[What you are asked to do]
Below, find the line containing "(总)卧趣家纺 2026新款" and the line containing "基于转让方企业交易总量来看:IonisP"; reproduce exactly those two and every line between them, omitting pictures.
====== Working data
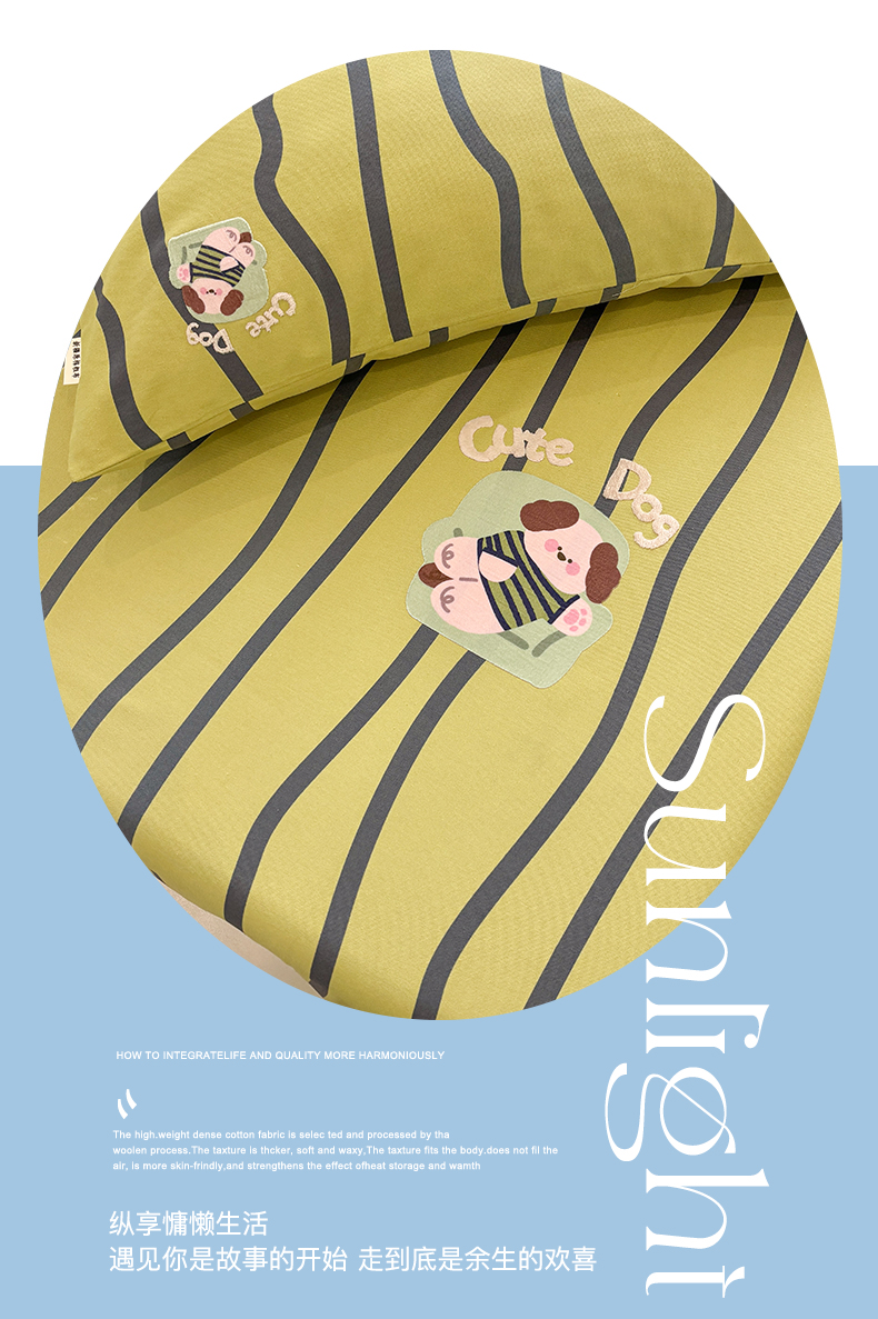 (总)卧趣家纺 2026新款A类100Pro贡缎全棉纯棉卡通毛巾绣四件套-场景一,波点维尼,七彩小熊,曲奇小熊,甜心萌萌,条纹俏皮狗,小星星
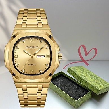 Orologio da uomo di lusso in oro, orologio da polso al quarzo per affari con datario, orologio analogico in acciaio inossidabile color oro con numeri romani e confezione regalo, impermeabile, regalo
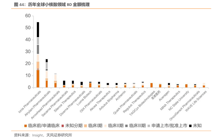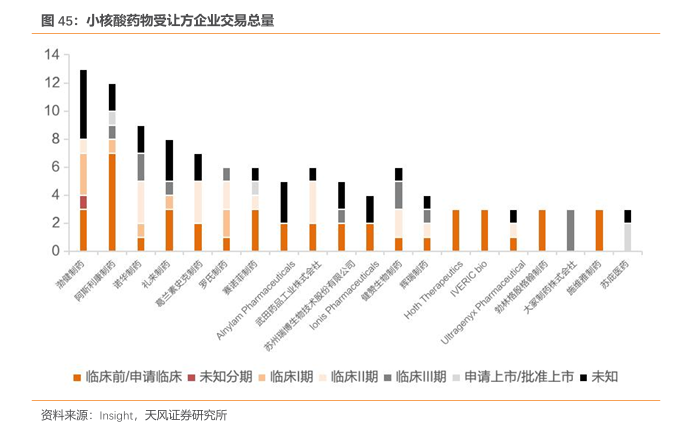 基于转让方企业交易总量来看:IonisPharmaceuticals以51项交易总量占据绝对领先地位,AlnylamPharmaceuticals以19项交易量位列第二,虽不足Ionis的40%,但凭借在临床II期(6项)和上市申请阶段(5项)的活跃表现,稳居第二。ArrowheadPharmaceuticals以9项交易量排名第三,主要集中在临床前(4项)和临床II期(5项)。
============
====== Working data
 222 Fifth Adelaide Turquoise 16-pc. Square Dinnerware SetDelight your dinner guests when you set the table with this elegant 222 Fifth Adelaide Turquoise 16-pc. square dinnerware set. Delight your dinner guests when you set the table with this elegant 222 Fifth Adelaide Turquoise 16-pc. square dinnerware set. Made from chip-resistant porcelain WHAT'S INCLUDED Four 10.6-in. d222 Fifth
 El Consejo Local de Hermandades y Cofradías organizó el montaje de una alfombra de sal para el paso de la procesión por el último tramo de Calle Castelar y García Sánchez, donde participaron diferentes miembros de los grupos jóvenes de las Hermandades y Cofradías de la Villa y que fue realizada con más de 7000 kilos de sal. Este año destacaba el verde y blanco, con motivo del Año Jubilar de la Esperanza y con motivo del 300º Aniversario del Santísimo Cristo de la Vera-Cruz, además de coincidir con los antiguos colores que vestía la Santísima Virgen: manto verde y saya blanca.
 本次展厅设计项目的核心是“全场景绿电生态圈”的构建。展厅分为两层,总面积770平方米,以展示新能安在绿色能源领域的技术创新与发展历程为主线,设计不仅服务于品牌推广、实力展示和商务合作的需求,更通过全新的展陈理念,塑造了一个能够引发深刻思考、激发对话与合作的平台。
============
[Reply to the task]
 (总)卧趣家纺 2026新款A类100Pro贡缎全棉纯棉卡通毛巾绣四件套-场景一,波点维尼,七彩小熊,曲奇小熊,甜心萌萌,条纹俏皮狗,小星星
 Orologio da uomo di lusso in oro, orologio da polso al quarzo per affari con datario, orologio analogico in acciaio inossidabile color oro con numeri romani e confezione regalo, impermeabile, regalo
 基于转让方企业交易总量来看:IonisPharmaceuticals以51项交易总量占据绝对领先地位,AlnylamPharmaceuticals以19项交易量位列第二,虽不足Ionis的40%,但凭借在临床II期(6项)和上市申请阶段(5项)的活跃表现,稳居第二。ArrowheadPharmaceuticals以9项交易量排名第三,主要集中在临床前(4项)和临床II期(5项)。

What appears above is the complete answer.